The standard yardstick is the p-series sum 1/n^p. To decide it cleanly we use the integral test: if f is positive, decreasing, and continuous with f(n) = a_n, then sum a_n and the improper integral of f from 1 to infinity converge or diverge together.
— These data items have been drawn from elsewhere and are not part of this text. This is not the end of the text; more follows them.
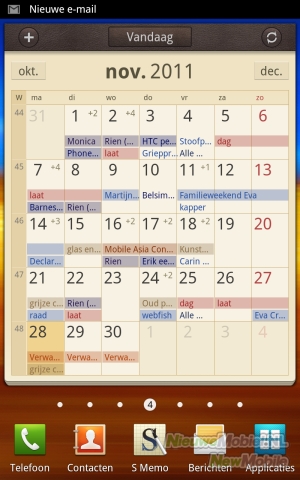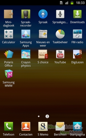 Onder in zowel de homescreens als in het applicatie-overzicht zijn standaard een aantal snelkoppelingen te vinden. En ook hier wordt de extra ruimte die het scherm biedt benut. Naast de telefoon-, contacten-, berichten- en applicaties-knop, is er ook plaats gemaakt voor een snelkoppeling naar 'S Memo'. Het geeft maar aan dat de 'notitie-functie' centraal staat bij de Galaxy Note. De S Memo applicatie komt verderop in deze review nogmaals aan bod.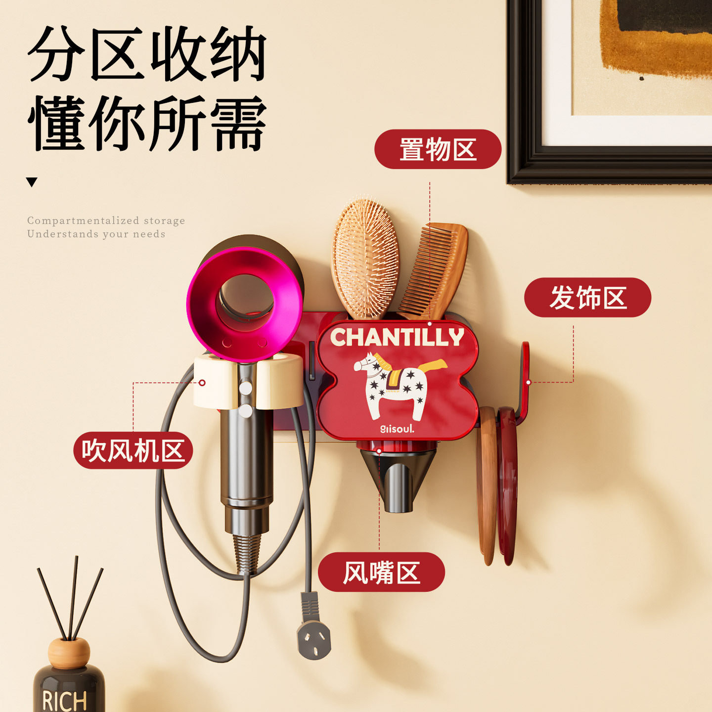 天猫吹风机置物架免打孔壁挂卫生间电吹风挂架新款浴室吹风筒收纳支架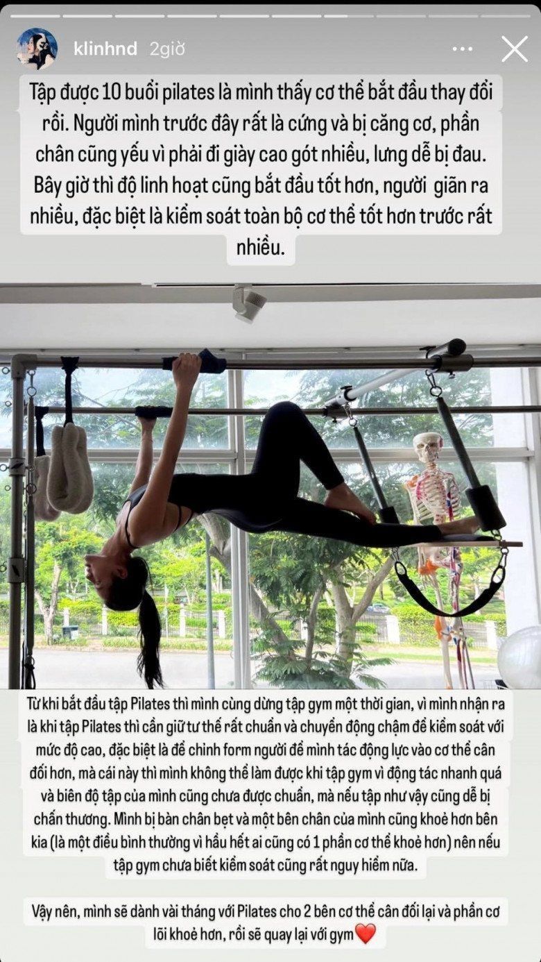 Người đẹp hào hứng khoe lên trang cá nhân với chú thích: "Thử bộ môn mới nà cả nhà". Trong video ngắn, không khó để công chúng nhận ra, đây là chiếc máy chuyên dụng giành cho các động tác nhấc bổng người và bay lên khá khó. Pilates là sự kết hợp của yoga và máy móc. Do đó, nó đang là bộ môn mới được nhiều ngôi sao, hotgirl nổi tiếng lăng xê vì vừa đốt năng lượng lại có thể xả stress hiệu quả.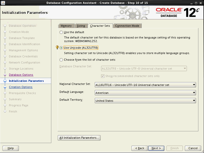 On the Character Sets tab select "Use Unicode (AL32UTF8) " or change it as appropriate for your installation. Click the Connection Mode tab.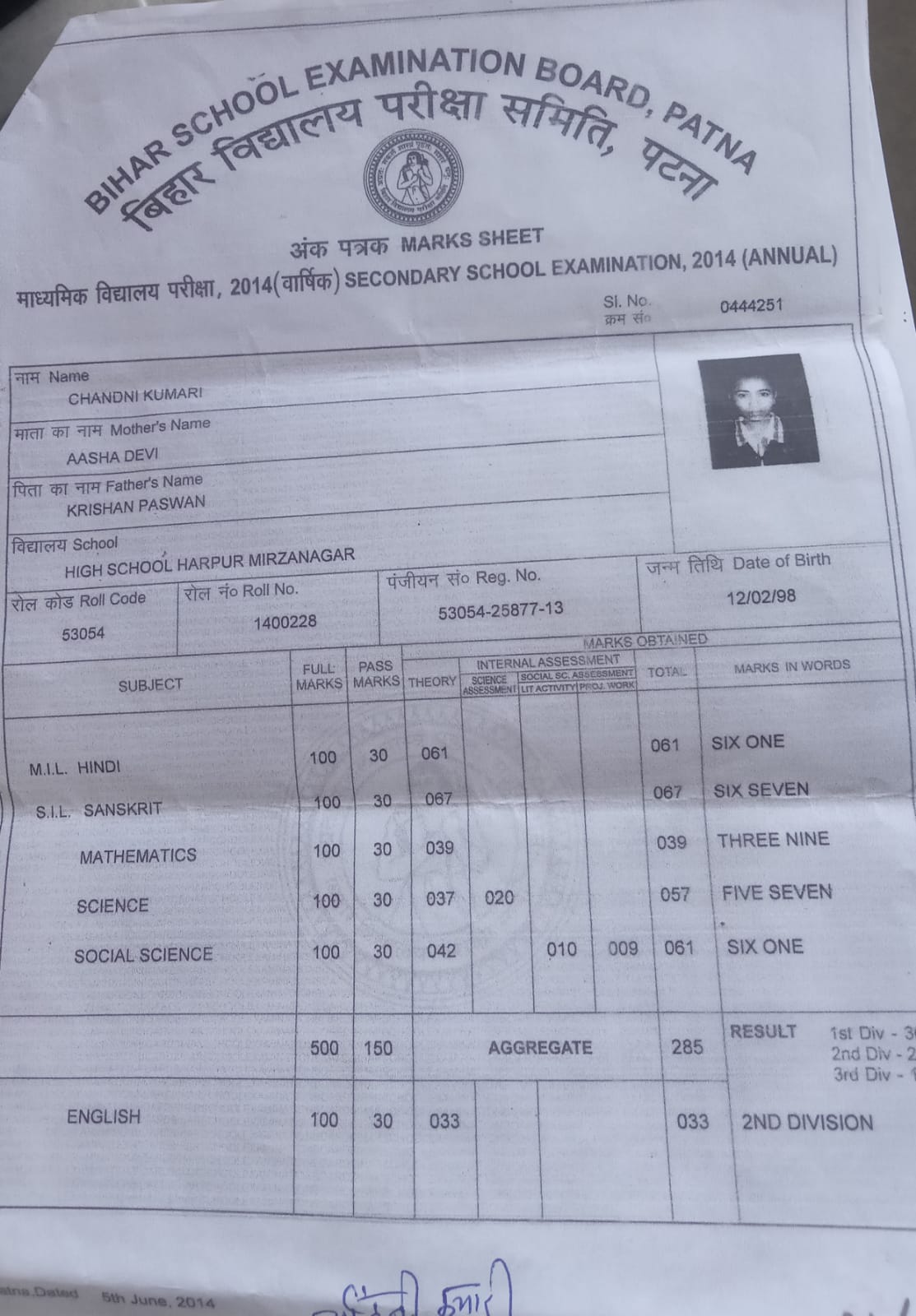 | Exam | Full Marks | Pass Marks | Marks Obtained |

The picture is rectangles trapped between the curve, comparing a sum to an area.

p-series sum_{n=1}^∞ 1/n^p, decided by the integral test.

Let f(x) = 1/x^p on [1, infinity): positive, continuous, decreasing
for p > 0. Compare the series to integral_1^infinity x^(-p) dx.

Case p != 1:
   integral_1^R x^(-p) dx = [ x^(1-p)/(1-p) ]_1^R
                          = (R^(1-p) - 1)/(1 - p).
   As R -> infinity:
      if p > 1, then 1-p < 0, so R^(1-p) -> 0  => integral = 1/(p-1)  (finite) => CONVERGES
      if p < 1, then 1-p > 0, so R^(1-p) -> infinity                 => DIVERGES

Case p = 1:
   integral_1^R (1/x) dx = ln R -> infinity                          => DIVERGES
   (this recovers the harmonic series)

Conclusion:  sum 1/n^p converges  <=>  p > 1.

Putting comparison to work

1. Look at the leading order of a_n for large n — strip away constants and lower-order terms.
2. Guess a p-series 1/n^p (or geometric r^n) that matches that leading order.
3. Confirm with the limit comparison test: compute a_n / (1/n^p) -> L and check 0 < L < infinity.
4. Read off the answer from the known behavior of the yardstick series.

Test sum (2n + 1)/(n^3 + 5).

Leading order: numerator ~ 2n, denominator ~ n^3,
so a_n ~ 2n / n^3 = 2/n^2. Compare with b_n = 1/n^2 (p = 2 > 1).

Limit comparison:
   a_n / b_n = [ (2n+1)/(n^3+5) ] * n^2
             = (2n^3 + n^2) / (n^3 + 5)
             -> 2   as n -> infinity   (0 < 2 < infinity).

Since sum 1/n^2 converges (p = 2 > 1),
by limit comparison sum (2n+1)/(n^3+5) CONVERGES.